Some worrying incidents at recent Hasler races have highlighted the need for the whole marathon racing community to put safety first. A collective approach is the best possible way to maintain this focus and avoid mistakes escalating into serious incidents. Please read on…
Race Organisers have a lot to do on the day, but must put safety at the top of their list. This includes planning for all levels of ability, briefing marshals and competitors effectively, and having very clear lines of communication and escalation in case of incidents.
Team Leaders and Coaches should consider their own dynamic risk assessments to work out if the paddlers they are bringing will be able to cope with the distances, the course and conditions on the day.
Finally, paddlers (and their parents or responsible adult in case of juniors) should always attend the race briefing, and be confident to ask questions of, or challenge where they are unsure.
The new guidance for U12 classes should be studied by all race organisers and team leaders (and ideally, parents/coaches)
The section from the Racing Rules on Safety is copied below for your information, please take the time to read it.
a) Competitor responsibility
i) Competitors must render their boats sufficiently buoyant to remain afloat and to support the crew in the event of capsize. Buoyancy must be fixed in the boat reasonably sufficiently to satisfy rule 27 of the ICF Marathon Rules which states that: ‘Each boat must carry sufficient buoyancy, either in the construction of the boat or fixed subsequently, to keep the boat floating level when filled with water.’ British Canoeing Marathon Committee rules interpretation of this is that inherent buoyancy provided by ‘Vac-bag’ or ‘sandwich’ construction is not alone sufficient and must be supplemented by adequate fixed additional flotation material or by the provision of sealed bulkheads.
ii) Competitors must be able to swim adequately in the waters on which the race is being held. It is the responsibility of each competitor (or of a parent in the case of a junior) to inform their team leader of any medical condition that may affect this. If the competitor is entering an event where they have no team leader, it is their responsibility (or of a parent in the case of a junior) to take appropriate precautions and inform the organiser.
iii) On open water adequate spray covers must be worn.
iv) All paddlers are required to render assistance to other competitors in distress.
v) The wearing of life jackets or buoyancy aids is compulsory for all paddlers ranked in divisions 7, 8, 9 and 10 irrespective of the race they are entered in. This applies to singles and doubles races.
vi) Life jackets must comply with either the European Standard ‘EN393 or 395 or the International Standard ‘ISO 12402’.
b) Team Leader responsibility
i) Team Leaders should decide if paddlers in the higher divisions should wear life jackets or buoyancy aids.
ii) Should a member of your team (or a parent in the case of a junior) inform you of any medical condition that may affect their safety, you should ensure that they take appropriate precautions and that the organiser is informed.
iii) Team Leaders should ensure their paddlers ability and experience is appropriate for the course and conditions particularly in the case of young or less experienced paddlers.
c) Race Organiser responsibility
i) Race organisers may require life jackets or buoyancy aids and spray covers to be worn and will have the FINAL say as to who should wear them (except where this is covered by rule 5a(v)) depending on weather and water conditions. Such equipment must be provided by the competitors.
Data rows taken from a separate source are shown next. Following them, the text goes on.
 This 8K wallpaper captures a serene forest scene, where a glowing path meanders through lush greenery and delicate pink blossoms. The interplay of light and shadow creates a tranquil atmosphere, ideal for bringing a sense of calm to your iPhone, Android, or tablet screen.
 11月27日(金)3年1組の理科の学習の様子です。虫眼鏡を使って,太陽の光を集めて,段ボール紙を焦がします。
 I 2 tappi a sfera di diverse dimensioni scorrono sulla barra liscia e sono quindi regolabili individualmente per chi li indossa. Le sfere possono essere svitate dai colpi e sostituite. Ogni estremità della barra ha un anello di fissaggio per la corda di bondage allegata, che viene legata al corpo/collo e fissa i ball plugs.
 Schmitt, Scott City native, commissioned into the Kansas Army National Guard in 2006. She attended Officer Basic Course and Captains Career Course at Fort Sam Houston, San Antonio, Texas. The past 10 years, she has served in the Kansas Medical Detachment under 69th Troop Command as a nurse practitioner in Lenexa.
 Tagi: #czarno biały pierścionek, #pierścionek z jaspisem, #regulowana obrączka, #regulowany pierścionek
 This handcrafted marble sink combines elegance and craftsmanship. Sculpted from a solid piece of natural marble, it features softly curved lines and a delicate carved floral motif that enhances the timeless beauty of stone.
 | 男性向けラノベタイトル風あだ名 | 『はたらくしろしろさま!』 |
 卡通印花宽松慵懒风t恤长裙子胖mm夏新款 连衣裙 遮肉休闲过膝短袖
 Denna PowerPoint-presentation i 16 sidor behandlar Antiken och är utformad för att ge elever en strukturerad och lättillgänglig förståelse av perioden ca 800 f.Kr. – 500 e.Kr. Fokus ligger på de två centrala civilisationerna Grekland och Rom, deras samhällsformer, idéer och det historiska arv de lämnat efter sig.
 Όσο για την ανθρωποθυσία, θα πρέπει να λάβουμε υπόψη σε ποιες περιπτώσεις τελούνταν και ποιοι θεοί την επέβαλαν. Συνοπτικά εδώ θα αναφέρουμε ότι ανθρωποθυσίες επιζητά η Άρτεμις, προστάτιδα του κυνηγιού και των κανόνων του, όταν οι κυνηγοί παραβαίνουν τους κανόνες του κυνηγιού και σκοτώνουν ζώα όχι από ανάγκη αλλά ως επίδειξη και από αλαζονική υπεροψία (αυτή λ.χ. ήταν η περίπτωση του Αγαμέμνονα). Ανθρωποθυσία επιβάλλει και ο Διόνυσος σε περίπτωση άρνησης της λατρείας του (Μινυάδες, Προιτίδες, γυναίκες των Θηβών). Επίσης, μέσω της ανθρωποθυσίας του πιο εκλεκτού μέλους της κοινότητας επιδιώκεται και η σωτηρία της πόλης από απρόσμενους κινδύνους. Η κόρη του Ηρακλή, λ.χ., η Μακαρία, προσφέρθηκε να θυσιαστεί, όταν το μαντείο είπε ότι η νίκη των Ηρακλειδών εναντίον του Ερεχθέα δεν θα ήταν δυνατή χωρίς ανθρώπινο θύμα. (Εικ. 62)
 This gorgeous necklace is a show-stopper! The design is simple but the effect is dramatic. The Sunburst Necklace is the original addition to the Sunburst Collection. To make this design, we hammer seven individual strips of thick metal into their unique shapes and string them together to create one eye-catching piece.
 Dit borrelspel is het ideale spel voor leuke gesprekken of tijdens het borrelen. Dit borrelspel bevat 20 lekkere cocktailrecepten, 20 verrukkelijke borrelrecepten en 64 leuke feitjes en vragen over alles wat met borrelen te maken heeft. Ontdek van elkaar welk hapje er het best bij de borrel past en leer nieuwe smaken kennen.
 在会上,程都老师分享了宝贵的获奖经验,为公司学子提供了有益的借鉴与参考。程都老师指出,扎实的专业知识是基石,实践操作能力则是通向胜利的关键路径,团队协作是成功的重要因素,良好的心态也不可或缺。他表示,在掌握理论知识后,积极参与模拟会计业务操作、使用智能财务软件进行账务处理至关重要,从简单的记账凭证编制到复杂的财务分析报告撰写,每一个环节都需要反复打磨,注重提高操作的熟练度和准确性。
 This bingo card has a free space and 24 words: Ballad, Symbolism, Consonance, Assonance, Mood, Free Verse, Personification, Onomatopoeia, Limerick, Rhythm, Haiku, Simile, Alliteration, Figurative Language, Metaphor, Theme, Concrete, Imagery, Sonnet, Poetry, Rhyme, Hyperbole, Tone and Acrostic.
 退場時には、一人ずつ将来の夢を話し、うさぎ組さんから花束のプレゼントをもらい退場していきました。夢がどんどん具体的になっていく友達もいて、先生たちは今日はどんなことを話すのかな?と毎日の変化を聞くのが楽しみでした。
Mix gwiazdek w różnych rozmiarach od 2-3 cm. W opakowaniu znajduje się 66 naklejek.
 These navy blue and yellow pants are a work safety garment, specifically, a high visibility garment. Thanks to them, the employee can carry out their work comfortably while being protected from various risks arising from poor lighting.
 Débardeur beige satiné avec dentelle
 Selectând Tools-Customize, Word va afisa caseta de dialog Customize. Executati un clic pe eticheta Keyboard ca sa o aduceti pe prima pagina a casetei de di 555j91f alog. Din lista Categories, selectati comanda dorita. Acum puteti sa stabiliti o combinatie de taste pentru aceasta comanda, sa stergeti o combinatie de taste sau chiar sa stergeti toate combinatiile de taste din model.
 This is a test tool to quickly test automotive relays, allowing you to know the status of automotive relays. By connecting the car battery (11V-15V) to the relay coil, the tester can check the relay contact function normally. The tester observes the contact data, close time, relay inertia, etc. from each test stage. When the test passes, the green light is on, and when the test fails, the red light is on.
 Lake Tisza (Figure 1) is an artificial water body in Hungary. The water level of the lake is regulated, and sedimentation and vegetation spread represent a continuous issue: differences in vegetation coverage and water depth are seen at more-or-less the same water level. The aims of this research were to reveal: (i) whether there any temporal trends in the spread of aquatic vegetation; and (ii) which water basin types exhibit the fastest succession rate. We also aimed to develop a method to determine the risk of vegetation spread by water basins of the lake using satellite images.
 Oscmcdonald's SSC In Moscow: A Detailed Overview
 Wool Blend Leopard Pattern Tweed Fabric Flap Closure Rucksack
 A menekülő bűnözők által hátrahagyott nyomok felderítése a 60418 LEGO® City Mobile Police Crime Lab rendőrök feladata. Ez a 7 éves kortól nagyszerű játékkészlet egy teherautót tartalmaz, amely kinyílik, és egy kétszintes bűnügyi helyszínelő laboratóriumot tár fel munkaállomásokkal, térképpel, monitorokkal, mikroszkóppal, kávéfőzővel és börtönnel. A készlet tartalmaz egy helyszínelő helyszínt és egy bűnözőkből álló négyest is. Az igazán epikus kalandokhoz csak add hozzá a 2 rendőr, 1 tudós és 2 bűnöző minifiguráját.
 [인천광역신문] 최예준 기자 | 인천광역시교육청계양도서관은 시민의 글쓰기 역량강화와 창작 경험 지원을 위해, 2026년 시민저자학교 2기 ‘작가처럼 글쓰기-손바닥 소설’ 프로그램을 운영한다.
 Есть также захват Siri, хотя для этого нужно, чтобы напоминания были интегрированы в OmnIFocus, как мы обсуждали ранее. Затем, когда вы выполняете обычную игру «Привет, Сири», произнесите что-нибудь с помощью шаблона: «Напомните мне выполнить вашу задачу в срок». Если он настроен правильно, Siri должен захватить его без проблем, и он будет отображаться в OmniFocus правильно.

ii) The penalty for infringing any safety rule is disqualification from the race.
iii) Should a team leader, an individual paddler (or a parent in the case of a junior) with no team leader, inform you of any medical condition that may affect their safety, you should ensure that they have taken appropriate precautions and that these fall within the compass of your risk assessment before accepting the entry. Organisers must include risk assessment for Div 10 races, taking into account their age & experience, provide adequate safety cover (e.g. rescue boats and signage) over the whole course where considered necessary
iv) Race organisers should ensure that race briefings state what safety measures have been taken, such as marshals or accompanying boats particularly for Lightening or Div 9/10 races.
Canoeing and Kayaking in all its forms is an ‘Assumed Risk – Water Contact’ sport.